START PROVIDED RECORDS
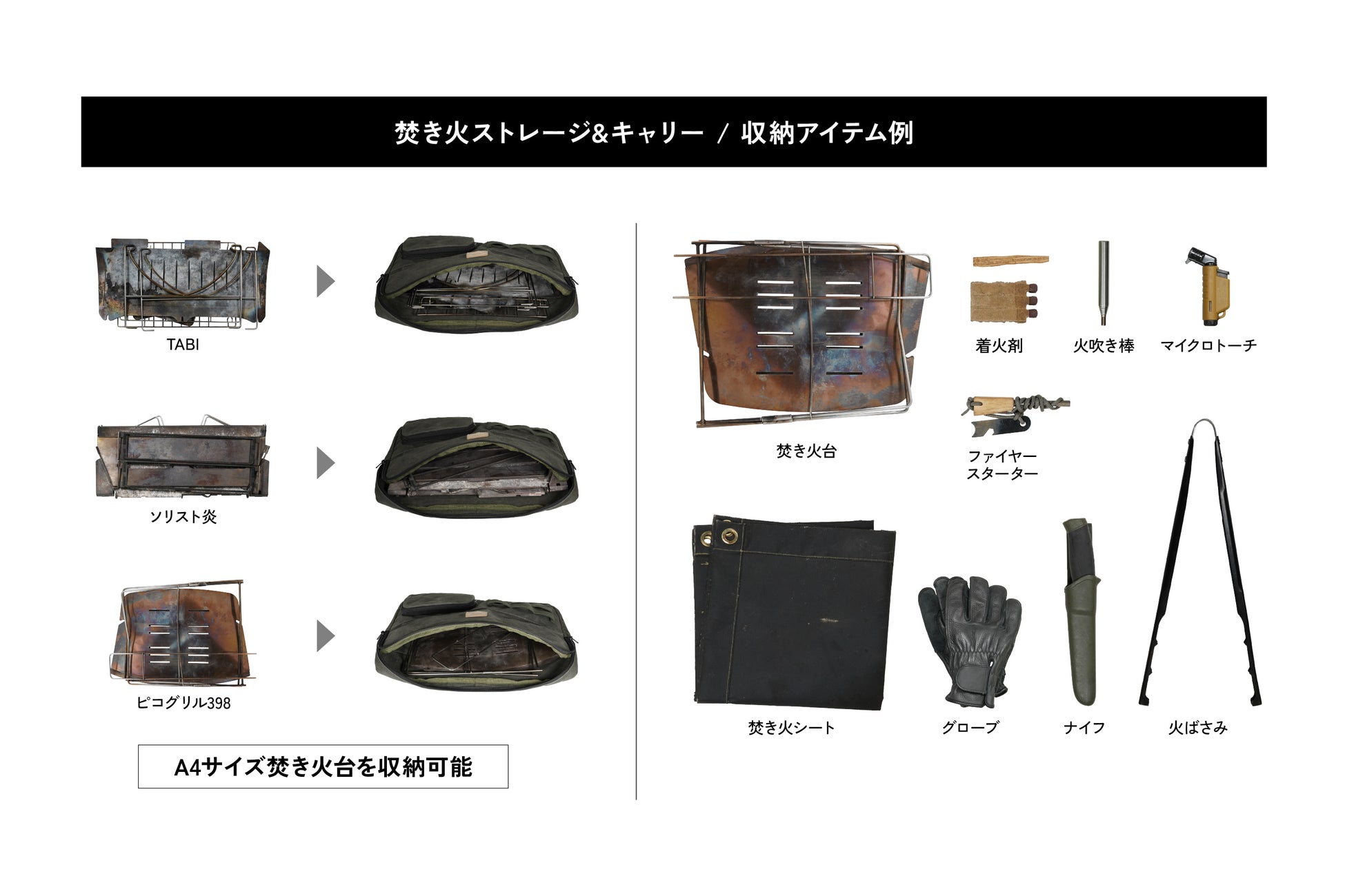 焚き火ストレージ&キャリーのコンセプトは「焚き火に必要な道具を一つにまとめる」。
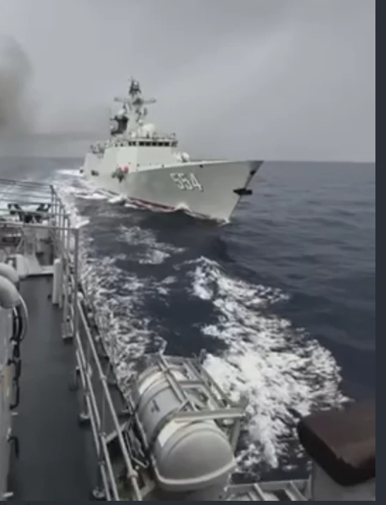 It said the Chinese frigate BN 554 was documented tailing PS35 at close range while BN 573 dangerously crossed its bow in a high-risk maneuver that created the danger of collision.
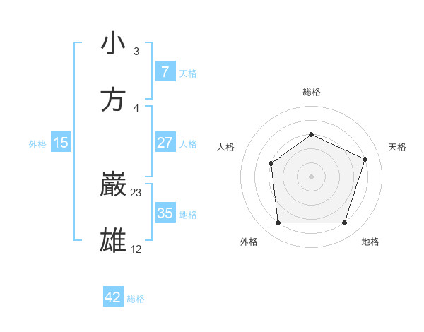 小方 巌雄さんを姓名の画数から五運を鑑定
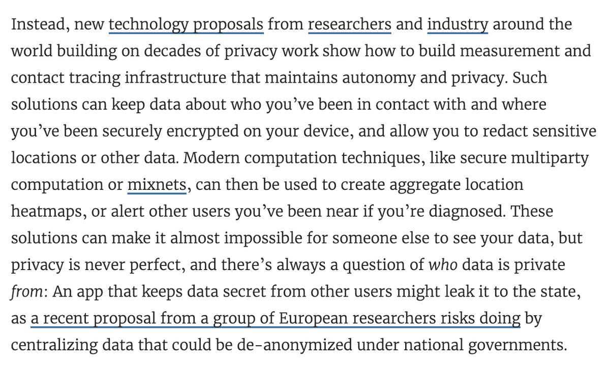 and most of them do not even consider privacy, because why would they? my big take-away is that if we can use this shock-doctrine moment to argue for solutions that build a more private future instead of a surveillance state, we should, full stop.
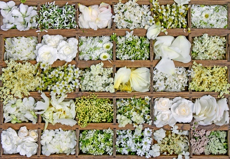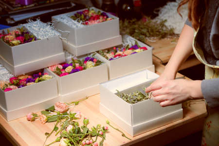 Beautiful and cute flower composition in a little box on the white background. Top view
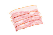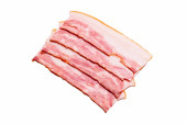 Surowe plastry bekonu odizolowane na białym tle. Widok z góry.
END PROVIDED RECORDS
● **WORK ITEM**:
Reproduce, word for word, every line from the start of the records down to and including the line with "and most of"; skip the pictures.

● **YOUR RESPONSE**:
 焚き火ストレージ&キャリーのコンセプトは「焚き火に必要な道具を一つにまとめる」。
 It said the Chinese frigate BN 554 was documented tailing PS35 at close range while BN 573 dangerously crossed its bow in a high-risk maneuver that created the danger of collision.
 小方 巌雄さんを姓名の画数から五運を鑑定
 and most of them do not even consider privacy, because why would they? my big take-away is that if we can use this shock-doctrine moment to argue for solutions that build a more private future instead of a surveillance state, we should, full stop.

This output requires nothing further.